(REQUIRED WORK) Return the whole listing unchanged. Drop the images.

(DATA SEGMENT)
*** Block opens ***

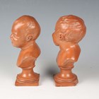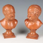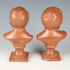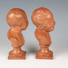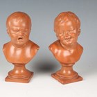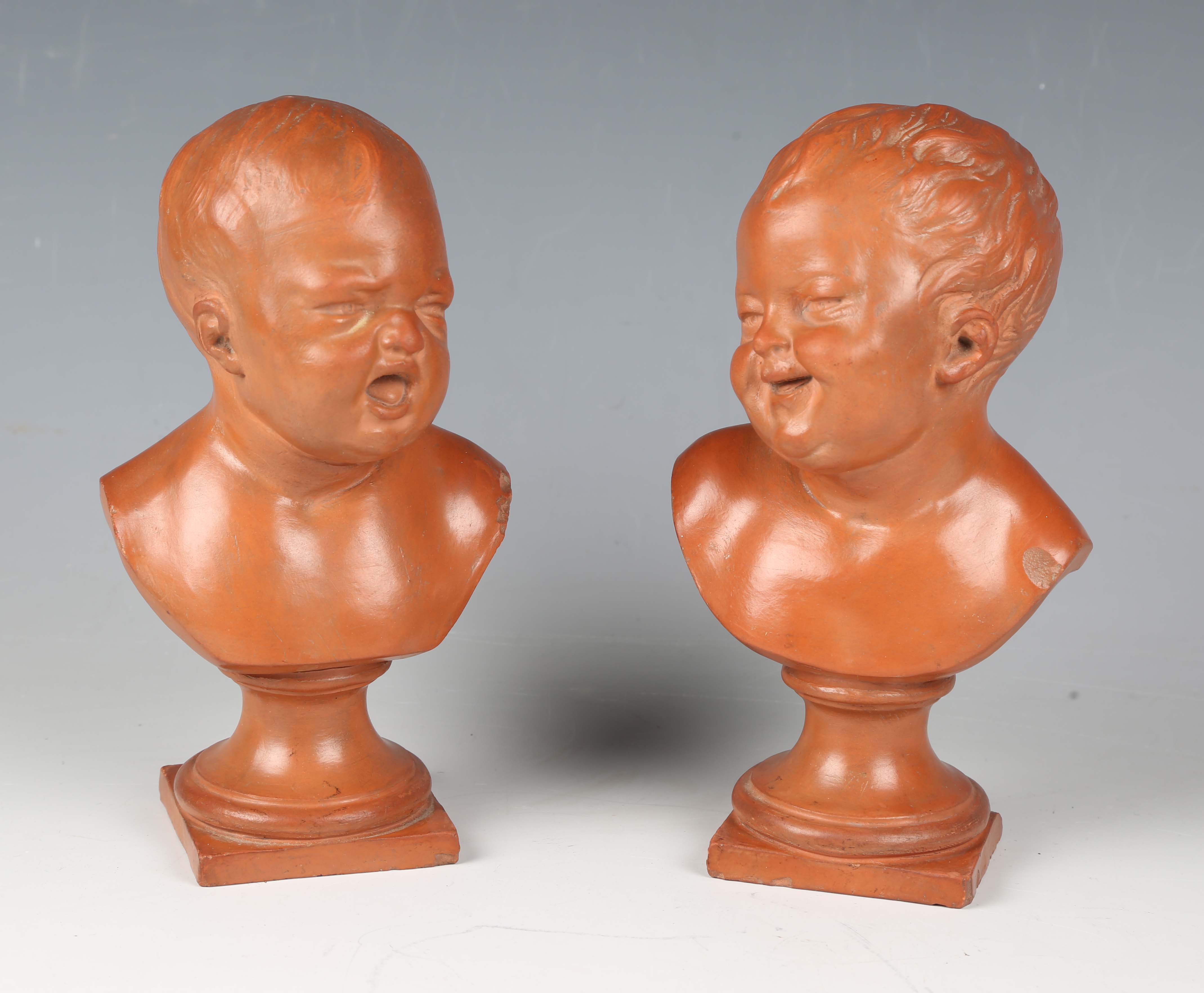 After Jean-Antoine Houdon - a pair of 19th century terracotta portrait busts of a crying and laughing baby, raised on socle bases, height 18cm (some faults).
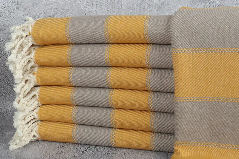 Türk havlusu, yüksek emicilik ve yumuşaklık sağlayan birinci sınıf organik Türk pamuğuyla karakterize edilir. 36x65 inç veya 90x165 santimetre ölçülerindeki bu havlular, el dokuma tekniklerinden dolayı 2 inç veya 5 santimetre toleransa sahiptir. Her havlunun ağırlığı 300 gram olup, birden fazla kullanım için optimum çok yönlülük sağlar.
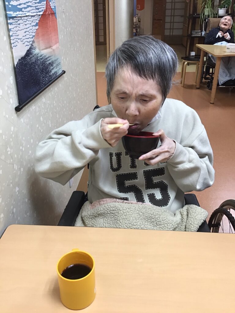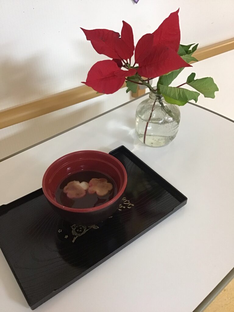 早いものでもう鏡開きです。お餅は入れられないけど代わりに花麩を入れて、おしるこをみんなで頂きました😊

*** Block closes ***

(REPLY TO THE EXERCISE)
 After Jean-Antoine Houdon - a pair of 19th century terracotta portrait busts of a crying and laughing baby, raised on socle bases, height 18cm (some faults).
 Türk havlusu, yüksek emicilik ve yumuşaklık sağlayan birinci sınıf organik Türk pamuğuyla karakterize edilir. 36x65 inç veya 90x165 santimetre ölçülerindeki bu havlular, el dokuma tekniklerinden dolayı 2 inç veya 5 santimetre toleransa sahiptir. Her havlunun ağırlığı 300 gram olup, birden fazla kullanım için optimum çok yönlülük sağlar.
 早いものでもう鏡開きです。お餅は入れられないけど代わりに花麩を入れて、おしるこをみんなで頂きました😊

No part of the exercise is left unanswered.